Semantic patching with Coccinelle
Posted Jan 22, 2009 6:10 UTC (Thu) by shimei (guest, #54776) [Link]
Semantic patching with Coccinelle
Posted Jan 22, 2009 5:43 UTC (Thu) by i3839 (guest, #31386) [Link]
That said, how the reception of outside contributions is by the main developers has a bigger impact than what language is used...
Semantic patching with Coccinelle
Posted Jan 22, 2009 10:37 UTC (Thu) by Yorick (guest, #19241) [Link]
But what I really wanted to challenge is the sad prevailing idea that some languages are "common" and the rest "strange". The statement in the article could be interpreted that way, although I am confident that Ms Henson does not suffer from that delusion herself. It is not helpful in making "uncommon" languages less so, even when this has great merit.
(Also, some "helpful" contributions that you receive as a maintainer of a free software package makes you wonder if the language-as-barrier is such a bad idea...)
Semantic patching with Coccinelle
Posted Jan 22, 2009 13:43 UTC (Thu) by hppnq (guest, #14462) [Link]

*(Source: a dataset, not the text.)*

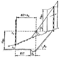 Расчеты производятся на микрокалькуляторах. 4.5.5. При сложном поперечном профиле косогора разбивка бровки выемки полотна производится ватернасовкой с помощью контрольного шаблона, уровня и рейки (рис. 4.7) или теодолитом. 4.5.6. Разбивка наклонным лучом трубы теодолита (рис. 4.8) выполняется из точки поперечника, отстоящей от трассы на расстоянии половины ширины, земляного полотна. Поставив теодолит над этой точкой поперечника, устанавливают визирный луч его трубы горизонтально (ставят отсчет по вертикальному кругу, равный месту нуля) и берут отсчет h0 по рейке, стоящей в осевой точке поперечника. Величину полученного отсчета прибавляют к рабочей отметке (глубина выемки) поперечника и получают высоту вехи по бровке выемки Нвех= h0+ hв. Далее ставят визирный луч теодолита параллельно откосу, для чего на вертикальном круге устанавливают отсчет, соответствующий углу наклона откоса выемки b0. После этого, двигая веху высотой Нвех по створу поперечника вдоль косогора, ищут точку, в которой визирный луч будет проходить, через верх вехи. Найденная точка будет находиться на бровке выемки земляного полотна.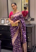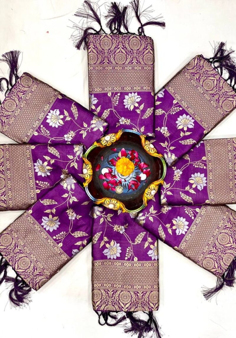 KP-6048 Jacquard Lichi Silk Saree with Brocade Un- Stitched Blouse

But what I really wanted to challenge is the sad prevailing idea that some languages are "common" and the rest "strange".

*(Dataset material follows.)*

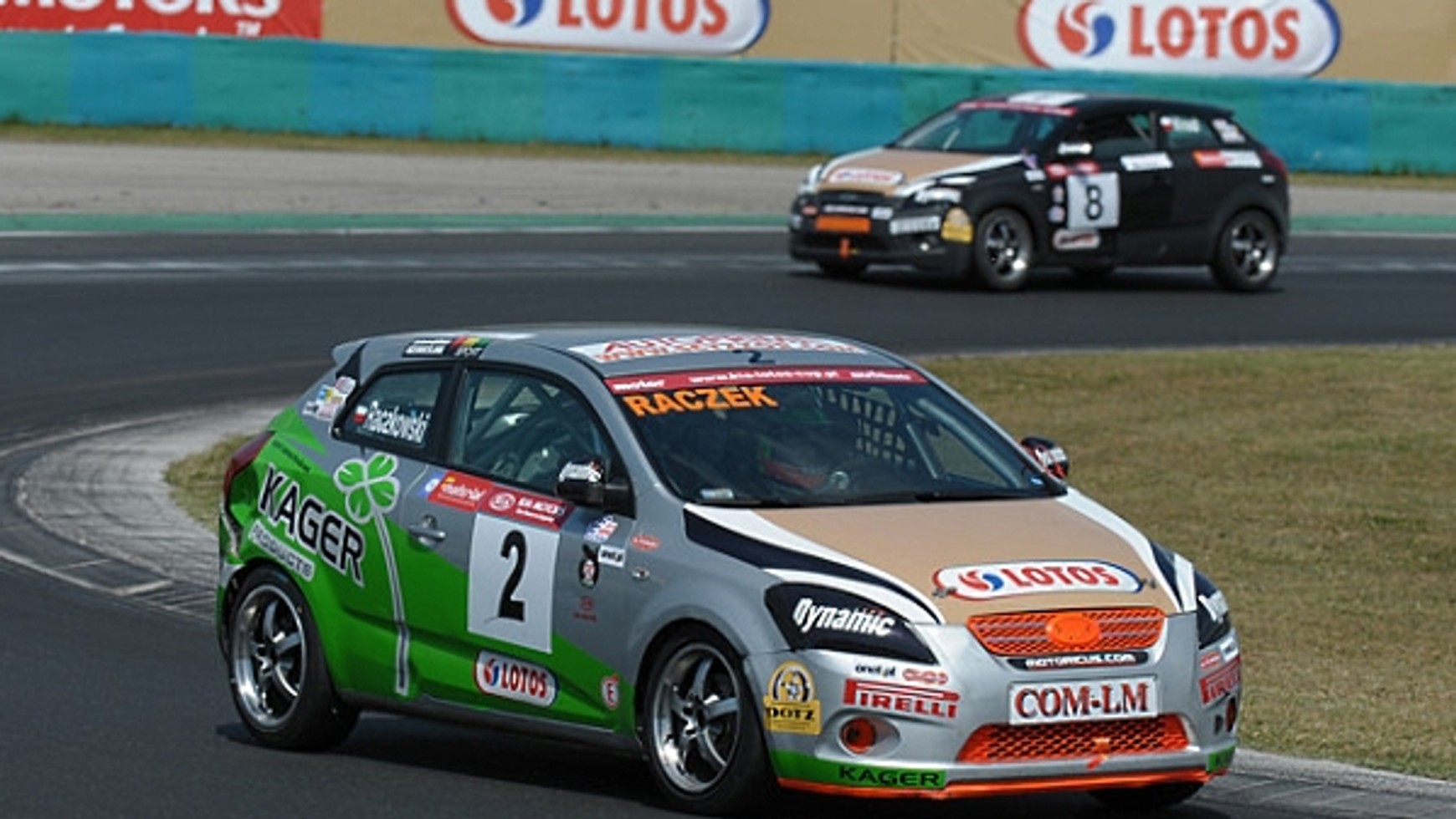 W obu biegach ta trójka nadawała tempo i dla fanów wyścigów urządziła wspaniałe, sportowe widowisko. Po starcie prowadzenie objął Łukasz Błaszkowski, ale niemal natychmiast zaatakował go Andrzej Gasenko. Kara przejazdu przez "depo" z falstart sprawiła, że nadzieja na zwycięstwo w pierwszej odsłonie cee’d LOTOS Cup się rozwiała, w drugiej części biegu najmłodszy uczestnik markowego serialu wyścigowego wspaniale walczył i udało mu się dojechać na czwartej pozycji. W zaciętej walce o pierwsze miejsce zwyciężył Kamil Raczkowski przed Łukaszem Błaszkowskim. Na trzecim miejscu finiszował Maciej Ostoja-Chyżyński. Drugi wyścig rozpoczął się od dużego zamieszania, w którym najbardziej ucierpiał samochód Marcina Przybyszewskiego - uszkodzona została przednia opona, natomiast Kamil Raczkowski po uderzeniu przez któregoś z konkurentów z trudem utrzymał się na torze tracąc jednak kilka miejsc. Na tym samym okrążeniu dachował Radosław Kordecki i na torze pojawił się samochód bezpieczeństwa. Cała stawka mogła więc ponownie zjechać się w jedną grupę i po kilku minutach rywalizacja została wznowiona.

To prove your point, maybe you should write patches for Coccinelle so that it can produce semantic patches for OCaml?
Semantic patching with Coccinelle
Posted Jan 22, 2009 16:18 UTC (Thu) by rwmj (subscriber, #5474) [Link]

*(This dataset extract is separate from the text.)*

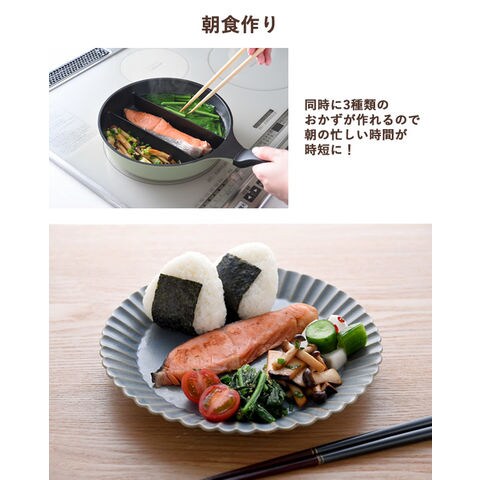 3つの仕切りで同時に調理できるフライパンです。

To prove your point, maybe you should write patches for Coccinelle so that it can produce semantic patches for OCaml?
OCaml actually supports the principle of semantic patching natively. You can perform almost arbitrary transformations of the abstract syntax tree at compile time, and this feature is used to implement interesting new features like Erlang-style bitstrings, type-safe access to databases, type-safe regular expressions, and much more.
Of course this is "strange" to many. (LISP programmers might recognise them as a very much more powerful version of LISP macros). But this is just one of the several ways that OCaml (and Haskell) are far beyond common programming languages.
Rich.
Semantic patching with Coccinelle
Posted Jan 22, 2009 16:28 UTC (Thu) by padator (guest, #56235) [Link]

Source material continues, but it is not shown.